Because the team had a test set and a process rather than a one-time evaluation, handling this was routine rather than a fire drill. They added a batch of bundled products to the set, reproduced the failure offline, made a targeted change, and confirmed the fix without touching the cases that already worked. The evaluation had become a living asset that absorbed new failure modes as the world revealed them.
This is the quiet payoff of treating evaluation as an ongoing practice. The first evaluation prevented an embarrassing launch. The standing process turned every subsequent surprise into a manageable, repeatable correction instead of a scramble. For the distinction between offline and production evaluation that makes this loop work, see What Separates a Reliable Prompt From a Lucky One.
Frequently Asked Questions
Why was the demo so misleading in this case?
The demo used three products with rich, clean attributes, which is the easy case. The catalog's real difficulty lived in sparse and unusual products, none of which the demo touched. A demo naturally showcases favorable inputs, so it measures the prompt's best behavior rather than its reliability across the full range it will actually face.
What made the invented-features failure the priority?

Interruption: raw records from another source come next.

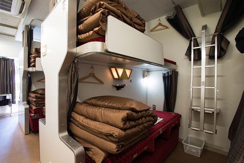 Las literas en la habitación de estilo dormitorio tienen las escaleras originales de Hokutosei.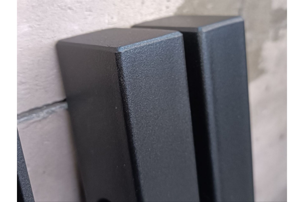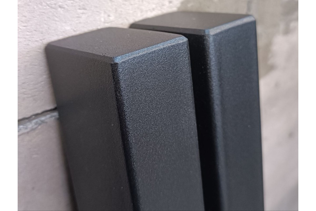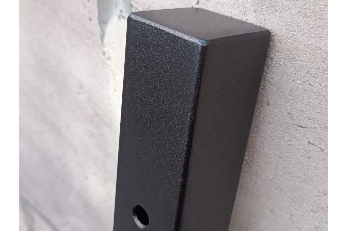 Накладной металлический столб изготавливается из профильной трубы размерами 60х60х2 мм и длиной до 2 -х метров, к нему приварена полоса 4х40 мм, которая выполняет функцию нащельника, оба конца столба заварены металлической заглушкой, снизу просверлено дренажное отверстие для предотвращения конденсата и образования влаги, столб загрунтован.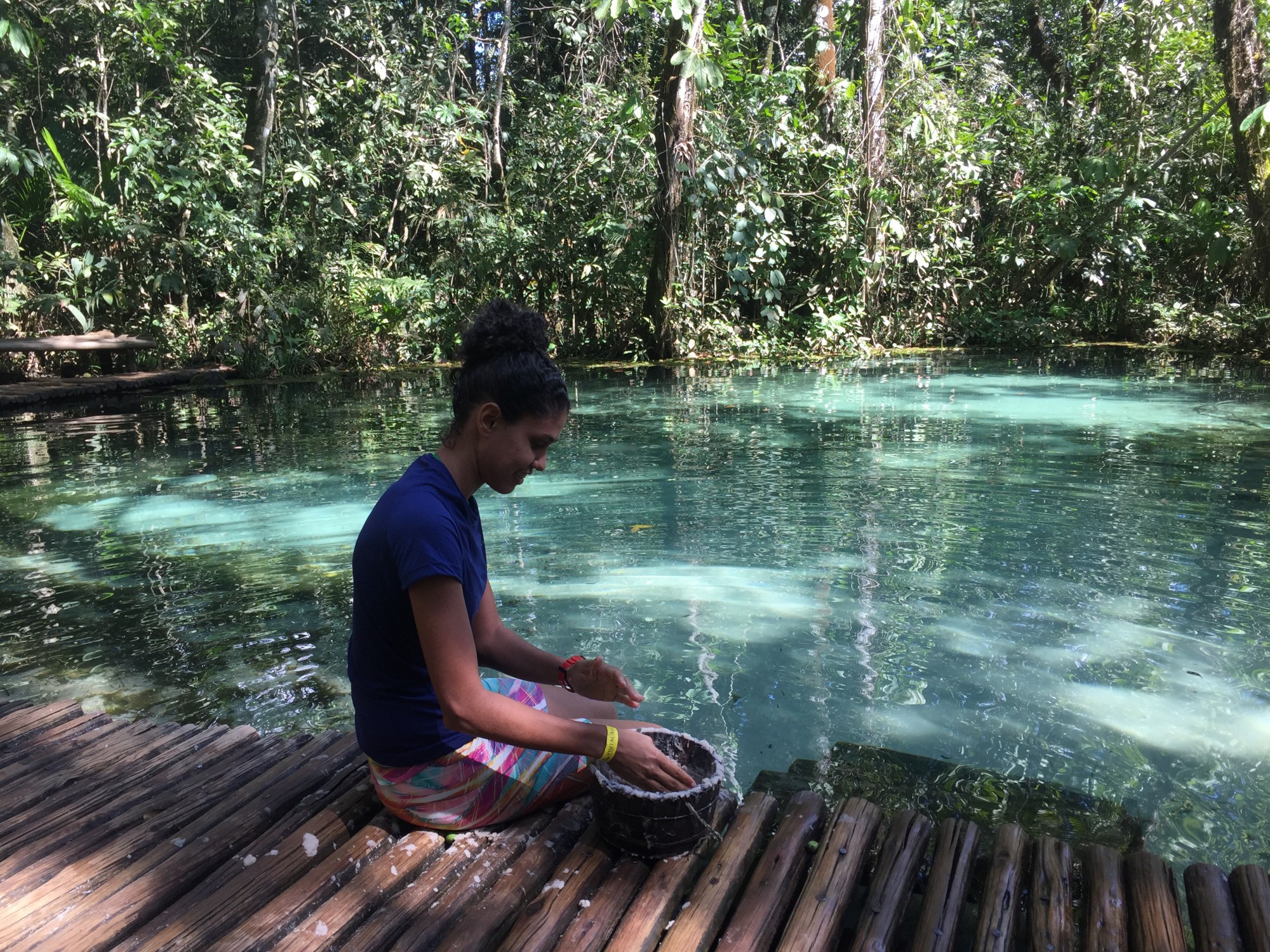 Depois segui-se por outra trilha que dar em um rio, onde tem um área chamada de prainha, com águas mais tranquilas para crianças e pessoas em geral, como também tem áreas para os mais aventureiros, com massagens e um local onde se pode dar saltos e mergulhos mais emocionantes. Tudo orientado e indicado pelo guia.

Because it was both common on sparse inputs and genuinely harmful — a description claiming a feature the product lacks is a false statement on a live page. The team named it explicitly in their success criteria, which meant every evaluation tracked it directly and the iterations could target it rather than chasing cosmetic issues.
Why re-run all 50 products after every change instead of just the failures?

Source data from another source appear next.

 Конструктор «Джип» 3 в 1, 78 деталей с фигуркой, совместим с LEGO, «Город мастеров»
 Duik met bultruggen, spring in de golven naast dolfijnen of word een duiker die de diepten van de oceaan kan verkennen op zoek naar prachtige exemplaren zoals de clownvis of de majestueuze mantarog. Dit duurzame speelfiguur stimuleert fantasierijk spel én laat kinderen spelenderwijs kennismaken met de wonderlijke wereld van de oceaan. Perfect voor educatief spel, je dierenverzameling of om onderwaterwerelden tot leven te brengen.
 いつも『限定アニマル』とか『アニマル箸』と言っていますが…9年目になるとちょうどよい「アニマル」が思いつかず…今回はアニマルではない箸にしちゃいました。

Because fixes cause regressions. In this case one early change broke two previously passing products, which only surfaced because the team re-ran everything. Comparing the full pass rate before and after each change is the sole reliable way to confirm net improvement rather than a sideways trade.
Was a perfect pass rate the goal?
No. The team set an acceptable floor for a customer-facing task and aimed to drive the dangerous failures to near zero, rather than chasing 100 percent on every cosmetic criterion. Defining that floor before evaluating kept the decision grounded in the cost of mistakes instead of in a desire for a perfect number.
Key Takeaways
- A demo showcases favorable inputs and measures charm, not reliability across the real distribution.
- A representative test set sampled to mirror production exposes the failures that matter.
- Name the most dangerous failure mode in your success criteria so every evaluation tracks it.
- Make targeted changes one at a time and re-run the whole set to catch regressions.
- Set an acceptable quality floor before evaluating, then document the test set, pass rate, and decision.